After six months of email communications, with coffee beans shipped across the pond and Irish Coffee research and development back at the bar, they landed on a heavily roasted version of Calendar Coffee’s seasonal Guatemalan espresso coffee – a roast which still expresses the nuanced fruity sweetness of the coffee, while being bold enough to balance the whiskey, sugar and cream in an Irish Coffee. ‘The flavour has changed a bit, but the result is something we are really happy about because the coffee still complements the whiskey and has a rich complexity,’ says Aiden Bowie, The Dead Rabbit’s beverage director. Since Calendar sources its beans seasonally, the origin of The Dead Rabbit’s Irish Coffee will change depending on what’s freshly harvested, but the flavour profile will remain the same.

Calendar coffee tasting
(Photo: Tyler Zielinski)

The Dead Rabbit Irish Coffee 2.0 is only the tip of the iceberg, though. After a rollercoaster ride of a decade in operation – which included being named the world’s best bar in 2016, and a recent shift in leadership last year – The Dead Rabbit is holistically honing-in on its modern Irish pub influence to begin its second decade of operation. This year, that will also see outposts open in two new markets, in New Orleans and Austin.

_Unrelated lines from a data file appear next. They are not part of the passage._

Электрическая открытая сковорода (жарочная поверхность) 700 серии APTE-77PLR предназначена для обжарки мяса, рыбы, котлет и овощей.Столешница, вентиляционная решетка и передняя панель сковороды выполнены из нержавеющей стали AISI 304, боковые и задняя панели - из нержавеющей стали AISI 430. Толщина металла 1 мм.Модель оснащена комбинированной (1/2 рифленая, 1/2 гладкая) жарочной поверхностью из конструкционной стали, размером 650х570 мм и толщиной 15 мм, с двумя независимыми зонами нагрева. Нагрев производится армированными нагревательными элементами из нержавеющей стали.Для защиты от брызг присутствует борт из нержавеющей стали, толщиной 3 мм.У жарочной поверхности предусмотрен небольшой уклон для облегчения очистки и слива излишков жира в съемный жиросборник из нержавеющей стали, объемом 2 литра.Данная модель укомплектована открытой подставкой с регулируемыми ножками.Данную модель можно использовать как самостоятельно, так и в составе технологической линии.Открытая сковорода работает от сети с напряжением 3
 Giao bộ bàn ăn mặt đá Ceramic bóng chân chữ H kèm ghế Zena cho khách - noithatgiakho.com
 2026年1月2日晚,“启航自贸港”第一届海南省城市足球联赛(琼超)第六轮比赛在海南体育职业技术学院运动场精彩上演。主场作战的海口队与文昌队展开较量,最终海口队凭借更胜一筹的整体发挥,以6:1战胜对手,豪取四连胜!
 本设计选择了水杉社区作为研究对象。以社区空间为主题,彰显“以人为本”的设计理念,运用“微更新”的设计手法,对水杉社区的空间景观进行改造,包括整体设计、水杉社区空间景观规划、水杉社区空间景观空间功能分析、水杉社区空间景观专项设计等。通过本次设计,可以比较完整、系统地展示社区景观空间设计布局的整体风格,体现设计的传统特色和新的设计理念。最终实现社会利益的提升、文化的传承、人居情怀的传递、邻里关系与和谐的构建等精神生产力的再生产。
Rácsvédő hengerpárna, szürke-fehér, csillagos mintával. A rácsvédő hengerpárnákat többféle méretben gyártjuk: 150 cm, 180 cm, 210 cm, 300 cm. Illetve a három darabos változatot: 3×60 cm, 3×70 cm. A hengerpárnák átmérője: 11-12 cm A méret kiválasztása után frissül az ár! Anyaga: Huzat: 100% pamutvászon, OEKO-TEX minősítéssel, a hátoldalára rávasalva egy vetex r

As the original bar nears its week-long 10th anniversary celebrations this February, guests can expect to see the evolution on full display, with the turbo-charged version of the famous drink having settled in on the menu back in December. ‘This year we really want to focus on showcasing what is going on in Ireland today,’ Bowie says. ‘We want guests to feel like they are getting a true representation of what modern-day Ireland is when they walk into Dead Rabbit.’ If our tour is anything to go by, that’s one exciting prospect.